On Tue, Jul 23, 2019 at 1:11 PM Yedidyah Bar David <didi(a)redhat.com> wrote:
Hi Nir and all,
In [1] you added line 151, to encode the contents to utf-8. Do you
remember why you needed that? What happens if I remove this line?
I added it because without it installation on Fedora 28 was broken. I don't
remember
what was the error but probably the content was unicode instead of bytes.
I am working on [2]. It fails on that line, because the current
content, if organization name is unicode, has a UTF-8 encoded string
already, but is a python str (not unicode).

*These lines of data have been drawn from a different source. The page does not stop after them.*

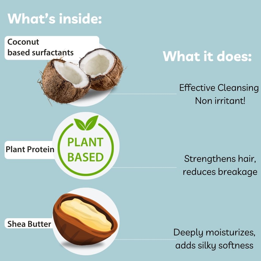 It’s 95.88% natural and made with coconut-based cleansers, jojoba, and aloe — ingredients that clean without stripping. No sulfates, no synthetic junk, and definitely no drying foam. Just a light, bubbly wash that leaves hair soft, smooth, and easy to comb.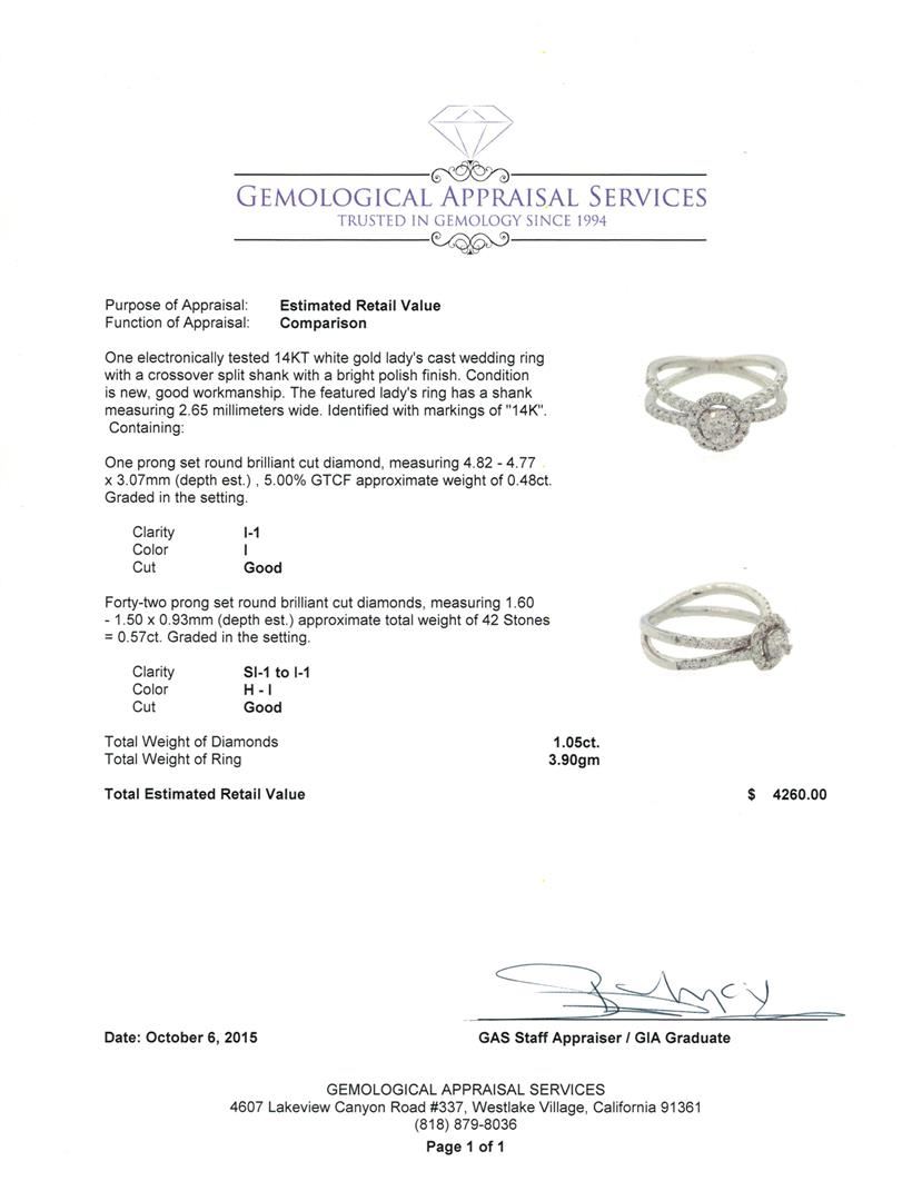 One electronically tested 14KT white gold lady's cast wedding ring with a crossover split shank with a bright polish finish. The featured lady's ring has a shank measuring 2.65 millimeters wide. Identified with markings of "14K". Condition is new, good workmanship. Containing: One prong set round brilliant cut diamond, measuring 4.82 - 4.77 x 3.07mm (depth est.) , 5.00.%. GTCF approximate weight of 0.48ct. Graded in the setting. Clarity: I-1. Color: I. Cut Good Forty-Two prong set round brilliant cut diamonds, measuring 1.60 - 1.50 x 0.93mm (depth est.) approximate total weight of 42 Stones = 0.57ct. Graded in the setting. Clarity: SI-1 to I-1. Color: H - I. Cut Good. Total Weight of Diamonds 1.05ct. Total Weight of Ring 3.90gm. GAS Appraised at $4,260.00.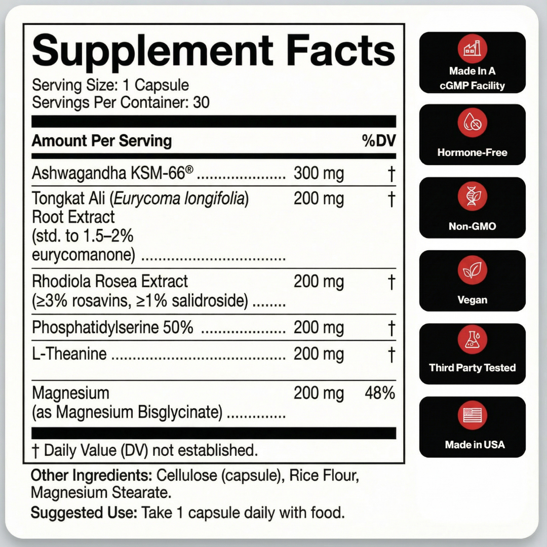 By supporting healthy cortisol levels, that "shut down" signal fades. Your body relaxes into a state where testosterone production thrives. Calm energy replaces anxious tension. And your results accelerate.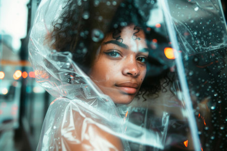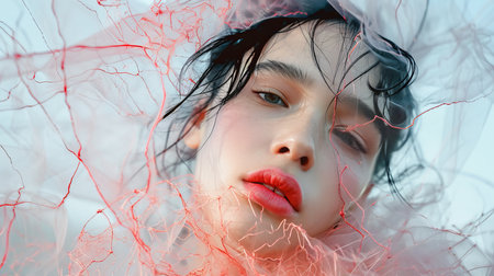 a woman with dark hair and closed eyes raised her head up and a transparent cloth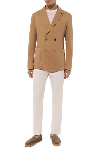 Эспадрильи Pablo с полосатой петлей на заднике сшили из органического хлопка. Внутри пару укрепили овечьей замшей, а джутовую подошву сделали прочнее накладкой из вулканизированной резины.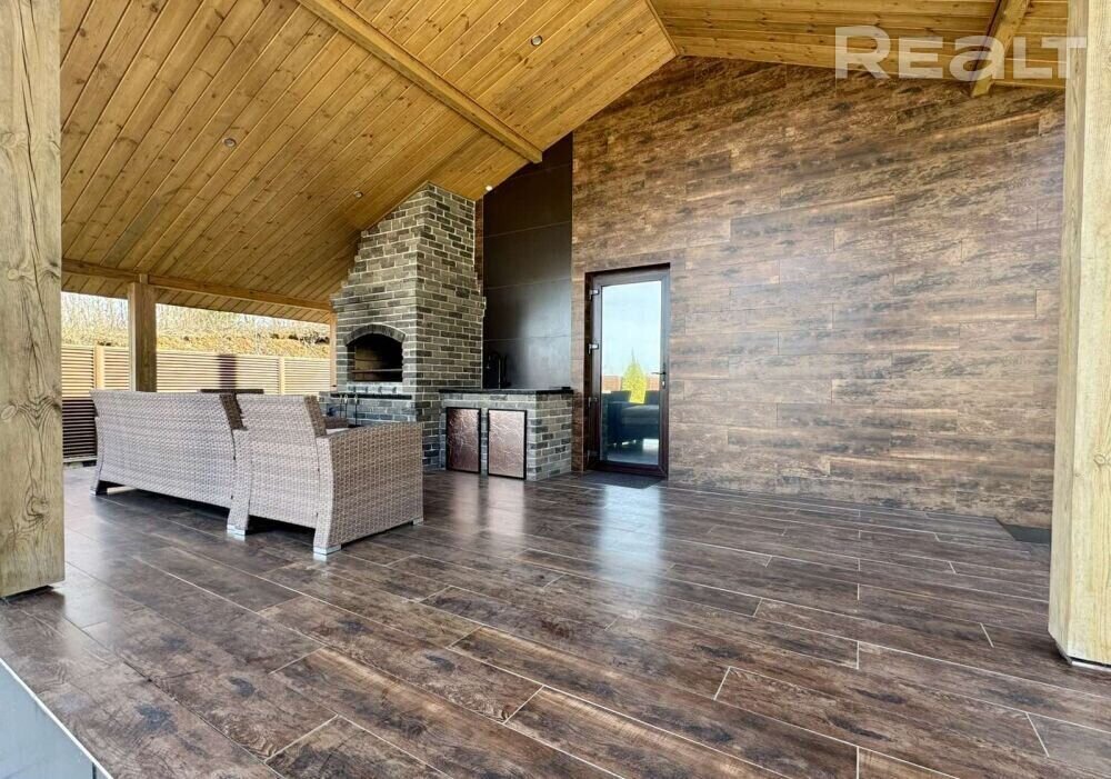 Полностью готов к проживанию. Объект представляет собой жилой дом площадью 267,6 м2, спа-комплекс с сауной и бассейном площадью 60 м2, отдельный крытый гараж на один автомобиль (40 м2) и дополнительный открытый навес на 2 парковочных места.

If the content is not unicode, why it goes to the unicode branch?
if binary:
self._content = content
else:
if isinstance(content, list) or isinstance(content, tuple):
self._content = '\n'.join([common.toStr(i) for i in
content])
if content:
self._content += '\n'
else:
self._content = common.toStr(content)
if not self._content.endswith('\n'):
self._content += '\n'
self._content = self._content.encode("utf-8")
It looks like the binary flag value is wrong, or common.toStr() is encoding
the values to bytes.
The common error in python 2 is:
>> text = u"\u05d0"
>> encoded = text.encode("utf-8")
>> encoded.encode("utf-8")
Traceback (most recent call last):
File "<stdin>", line 1, in <module>
UnicodeDecodeError: 'ascii' codec can't decode byte 0xd7 in position 0:
ordinal not in range(128)
But:
>> text = u"ascii"
>> encoded = text.encode("utf-8")
>> encoded.encode("utf-8")
'ascii'
Which seems to be the case in [2].
So if common.toStr() is encoding the values, there is no need to encode the
values
again in line 151.
Tried patching otopi [3],
did a few attempts (some of them also pushed there, check the
different patchsets), but none worked. So I am going to patch
postinstall file generation instead [4], but I don't like this.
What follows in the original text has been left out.